My rear spring broke. Apparently, this is quite a common occurrence on the E46 BMWs. I mean, why wouldn’t a car that was $35,ooo when new have springs that break by 100k miles for no good reason at all? Gotta love BMWs!
Because it’s such a common problem, here’s a DIY guide to fixing it.
Vehicle • BMW E46. 325xi, specifically. As far as I know, this applies to all years and models of the E46.
Difficulty • 3/10 If you’ve ever done any suspension work, or replaced your brake pads or rotors, this will be quite easy for you.
Time • 20 to 30 minutes per side.
- Floor jack and two Jack stands, and a roughly 1 foot piece of a wood 2×4
- Long 1/2 ratchet or breaker bar
- 1/2 ratchet
- Torque wrench (optional, but preferable)
- 17mm socket for wheels bolts
- 18mm socket for the rear shock bolt
- New rear coil springs
- Spare tire jack from your trunk
- Penetrating oil (PB Blaster or similar)

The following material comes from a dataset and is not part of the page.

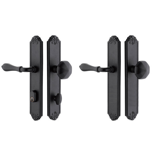 Tuscany Bronze Style Stretto Passage Entryway Set (Medium Bronze Finish Shown) - The Emtek Tuscany style locking door entryway features a prominent medium bronze finish. Measures 2 inches tall by 10 1/2 inches wide with a 3 3/8 inch center to center hole spacing. Includes narrow 1 1/4 inch door preps. Sold as a complete set, with knob, latch and strike plate. 28 degree latch is available in a 2 3/8 inch backset, must specify if a 2 3/4 inch backset is required. Several finishes available.

(All photos show the new spring. Please ignore that.)
Step 1 • (No picture, sorry.) Car off and in park, e-brake on. Loosen your wheel bolts.

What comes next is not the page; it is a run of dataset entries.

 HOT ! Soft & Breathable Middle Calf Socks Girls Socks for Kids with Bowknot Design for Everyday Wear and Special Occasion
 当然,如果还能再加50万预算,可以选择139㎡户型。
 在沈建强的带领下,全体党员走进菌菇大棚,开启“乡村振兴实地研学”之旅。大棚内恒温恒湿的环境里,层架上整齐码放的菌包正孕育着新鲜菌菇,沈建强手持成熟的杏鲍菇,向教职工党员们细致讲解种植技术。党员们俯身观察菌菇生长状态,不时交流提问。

Step 2 • Jack up the rear of the car by placing your floor jack under the rear differential carrier. I like to use a piece of wood so that the steel doesn’t get damaged by the jack. Your jack has to go under the car with the handle down. Your first pumps on the jack will be quite short. It’s kind of tedious, but this is the correct way to do it.
Step 3 • Put jack stands under the rear jack pads, closer to the front of the car because the pads will go forward as the car is lowered onto the stands.
Step 4 • (No picture again) Remove the wheel bolts and the wheels from both sides. I didn’t realize this originally, but someone pointed out to me that it’s important to do both sides together–as opposed to doing the whole job on one side, then putting the wheel back on and switching to the other–so that sway bar isn’t a problem when pushing down the control arms.
Step 5 • Place your jack–again, using a piece of wood so you don’t damage the steel–under the shock, just enough to relieve pressure but not enough to lift it up. Use an 18mm socket–1/2 drive, preferably–to remove the bolt. If you have any trouble, spray the bolt with penetrating oil and let it sit for a few minutes. Pull out the bolt and lower the jack. Go to the other side and repeat so that both control arms are detached from their shocks.
Step 6 • Remove the wires from the trailing arm so that you don’t damage them, and place the base of your spare tire jack on the trailing arm. You can see the jack placement in the photos. Carefully raise the jack, making sure to not hit the car’s paint. As you do this, the control arm will lower, and the spring should pop out. Repeat on the other side so that both springs are removed.
Step 7 • (No picture) Remove the upper and lower pads from the springs, and transfer them to your new springs.
Step 8 • Carefully guide the new spring into position, making sure the upper and lower pads are oriented correctly. Once you’re confident that the spring is in the right place, and the metal protrusions from the car body and control arm are in the openings in the spring pads, you can decompress the jack and repeat on the other side.
Step 9 • Jack up the mounting point for the rear shock, making sure it’s level with the bolt hole in the shock. Reattach the bolt, and torque it to 100Nm. ( http://www.argyrides.eu/bmw/mods/suspension/pdf/torque_values.pdf ) Repeat on the other side.
Step 10 • Mount your wheels, lift your car up from the differential carrier to remove the jack stands, lower it down, clean up, then go for a short test drive!